Fresh berries from the garden were so delicious, but a lot of work to pick. Gooseberries, raspberries and strawberries always grew in abundance. There was a small orchard in the center of the garden with a variety of apple trees, as well as plums and apricots. In the spring their pink and white blossoms smelt amazing and looked so pretty.


Tomatoes were plentiful, and when the threat of frost loomed Mom picked them. She stored them upstairs in the farmhouse in cardboard boxes covered with newspaper to let them ripen. The ritual of checking the boxes for ripe tomatoes and then canning them went on for weeks.

My parents planted a large patch of potatoes, dug them in the fall and down the chute they went into the bin in the dirt floor root cellar under the house. In the spring, we hauled the remaining potatoes back up out of the root cellar and they were used for seed and the cycle continued.

Mom had a pumpkin patch and we loved to peer through the foliage to try and spot the biggest pumpkins. When the season was ending, we hauled wheelbarrows full of pumpkins into the shop so they could finish ripening. A row of sunflower plants stood next to the pumpkins like sentinels guarding the patch.




Mom grew many other vegetables in her garden including: carrots, zucchini, rhubarb, onions, peas, beans, beets and cucumbers. Dill obligingly sprung up to accompany the cucumbers. Broccoli, cauliflower and cabbage plants were tied closed with rubber jar rings to keep the bugs out. Rows of corn needed to be picked and then shucked out in the barnyard and a big day of blanching and freezing corn awaited us every August.


When I think about Mom’s garden, my fondest memories are the walks we took with her through the garden, eating peas, apples and berries warmed by the sun and using the garden as our playground.
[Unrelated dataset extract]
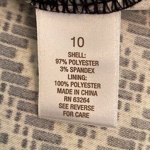 DB Signature Darby Geometric Black Tan Scoop Neck Sleeveless MIDI Dress has a hidden back zipper. Fit & Flare, dress has stretch.

Years later I still marvel at the amount of work Mom put into her garden. The hours she spent planting, watering by hand, weeding and picking. That doesn’t even include the time spent processing the fruits and vegetables. The thing is, I don’t remember Mom ever complaining about doing any of it. What I do remember is Dad coming in from the field and Mom showing him the canning jars she had filled and the way he looked proudly at her with admiration in his eyes.